(Task details): From the listing below, reproduce word for word the part that opens with the line containing "Ensuite je fais" and closes with the line containing "Not just for"; reproduce nothing else.

(Data listing):
= = =

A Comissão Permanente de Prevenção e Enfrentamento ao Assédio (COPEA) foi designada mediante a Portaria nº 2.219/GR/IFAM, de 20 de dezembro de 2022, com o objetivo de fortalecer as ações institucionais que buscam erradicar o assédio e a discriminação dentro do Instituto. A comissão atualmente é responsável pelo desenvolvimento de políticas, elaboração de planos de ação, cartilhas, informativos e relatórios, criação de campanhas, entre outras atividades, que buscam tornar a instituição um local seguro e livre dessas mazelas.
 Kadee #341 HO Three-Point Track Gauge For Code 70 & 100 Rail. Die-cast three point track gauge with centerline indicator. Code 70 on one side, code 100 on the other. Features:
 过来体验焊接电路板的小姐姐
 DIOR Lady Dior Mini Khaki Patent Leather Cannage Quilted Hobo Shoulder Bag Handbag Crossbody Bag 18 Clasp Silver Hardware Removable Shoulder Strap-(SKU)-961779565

= = =

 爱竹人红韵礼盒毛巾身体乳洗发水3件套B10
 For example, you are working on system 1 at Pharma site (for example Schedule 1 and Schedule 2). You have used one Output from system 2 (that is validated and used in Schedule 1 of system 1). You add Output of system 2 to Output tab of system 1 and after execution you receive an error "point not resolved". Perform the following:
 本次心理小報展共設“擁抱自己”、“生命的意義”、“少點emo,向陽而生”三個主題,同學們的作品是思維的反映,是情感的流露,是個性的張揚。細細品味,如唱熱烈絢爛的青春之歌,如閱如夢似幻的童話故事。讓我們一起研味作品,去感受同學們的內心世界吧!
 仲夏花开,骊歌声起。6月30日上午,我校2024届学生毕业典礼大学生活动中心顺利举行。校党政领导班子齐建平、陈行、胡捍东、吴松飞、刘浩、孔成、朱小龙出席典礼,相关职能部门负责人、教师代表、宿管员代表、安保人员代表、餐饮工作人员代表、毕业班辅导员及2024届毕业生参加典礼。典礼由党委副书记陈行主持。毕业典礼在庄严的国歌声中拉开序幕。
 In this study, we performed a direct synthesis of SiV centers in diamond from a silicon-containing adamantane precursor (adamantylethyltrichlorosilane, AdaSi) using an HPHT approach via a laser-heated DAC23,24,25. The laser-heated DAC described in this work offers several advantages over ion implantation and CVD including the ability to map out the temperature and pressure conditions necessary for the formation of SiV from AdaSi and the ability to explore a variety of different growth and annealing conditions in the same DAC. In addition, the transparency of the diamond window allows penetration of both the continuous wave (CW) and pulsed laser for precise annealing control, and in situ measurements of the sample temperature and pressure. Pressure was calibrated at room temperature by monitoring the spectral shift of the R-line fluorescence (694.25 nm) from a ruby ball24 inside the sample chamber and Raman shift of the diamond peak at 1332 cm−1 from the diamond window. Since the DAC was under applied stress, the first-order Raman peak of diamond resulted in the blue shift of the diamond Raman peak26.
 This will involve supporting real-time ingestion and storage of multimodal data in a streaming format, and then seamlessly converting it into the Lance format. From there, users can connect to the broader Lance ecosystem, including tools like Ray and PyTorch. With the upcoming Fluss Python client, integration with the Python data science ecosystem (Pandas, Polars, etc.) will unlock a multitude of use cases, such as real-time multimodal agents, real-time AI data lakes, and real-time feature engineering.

= = =

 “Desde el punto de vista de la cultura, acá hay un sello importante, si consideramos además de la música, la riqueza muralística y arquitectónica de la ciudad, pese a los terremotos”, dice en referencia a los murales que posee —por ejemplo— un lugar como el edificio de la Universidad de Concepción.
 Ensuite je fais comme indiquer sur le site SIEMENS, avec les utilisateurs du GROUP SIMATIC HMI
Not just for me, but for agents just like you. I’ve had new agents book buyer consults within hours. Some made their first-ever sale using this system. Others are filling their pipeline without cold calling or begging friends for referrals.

= = =

(Solved exercise):
 Ensuite je fais comme indiquer sur le site SIEMENS, avec les utilisateurs du GROUP SIMATIC HMI
Not just for me, but for agents just like you. I’ve had new agents book buyer consults within hours. Some made their first-ever sale using this system. Others are filling their pipeline without cold calling or begging friends for referrals.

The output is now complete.